I have been working on the below but getting no results and the deadline is fast approaching. Also, there are over a million rows as the below. Appreciate your help on the below.

Objective: Group results by MEMBER and build Continuous Coverage Ranges for each Member by combining individual Date Ranges which either overlap or run consecutive to each other with no breaks between the Start & End day of the range.

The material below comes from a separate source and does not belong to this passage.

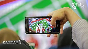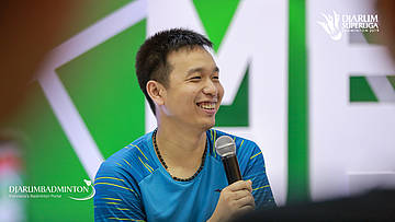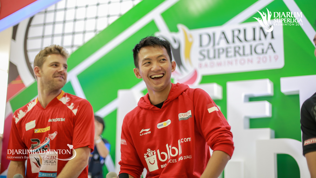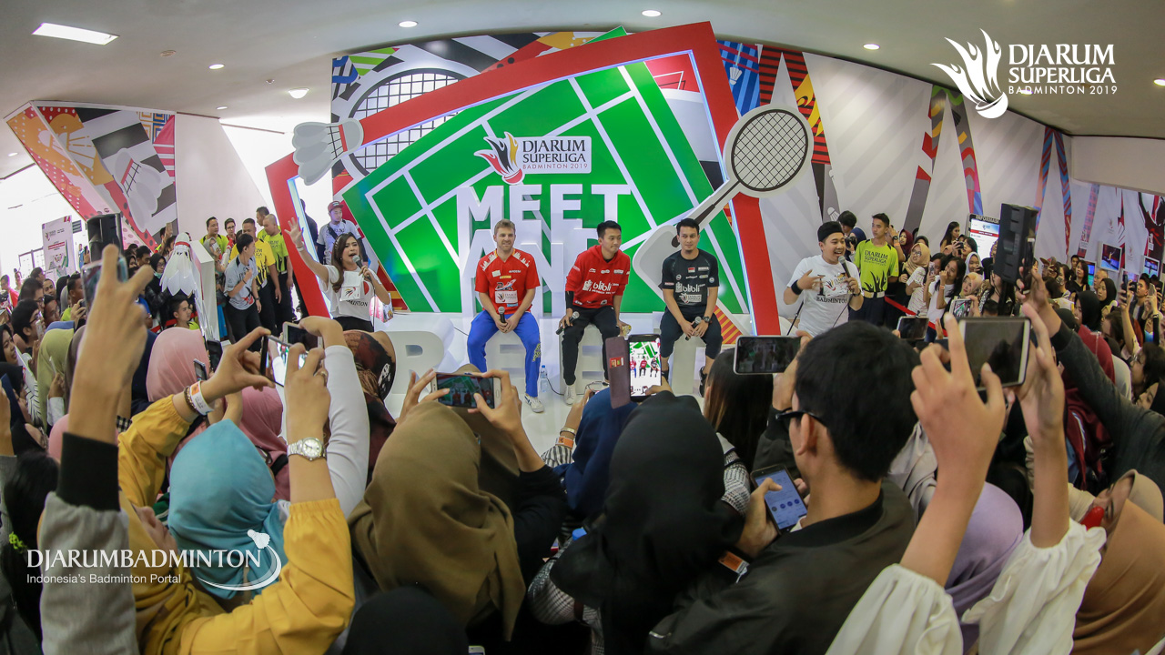 Suasana Meet and Greet Hendra SETIAWAN (JAYA RAYA JAKARTA), ZHANG Beiwen (BERKAT ABADI) dan Leo Rolly CARNANDO (DAIHATSU ASTEC)

I have data in the below format:

MemberCode  -----   ClaimID   -----       StartDate   -----       EndDate
00001   -----       012345   -----       2010-01-15   -----       2010-01-20
00001   -----       012350   -----       2010-01-19   -----       2010-01-22
00001   -----       012352   -----       2010-01-20   -----       2010-01-25
00001   -----       012355   -----       2010-01-26   -----       2010-01-30
00002   -----       012357   -----       2010-01-20   -----       2010-01-25
00002   -----       012359   -----       2010-01-30   -----       2010-02-05
00002   -----       012360   -----       2010-02-04   -----       2010-02-15
00003   -----       012365   -----       2010-02-15   -----       2010-02-30

...

In the above the member (00001) is a valid member as there is a continuous date range from 2010-01-15 to 2010-01-30 (with no gaps). Please note that the Claim ID 012355 for this member starts immediately next to the End Date of Claim ID 012352. This is still valid as it forms a continuous range.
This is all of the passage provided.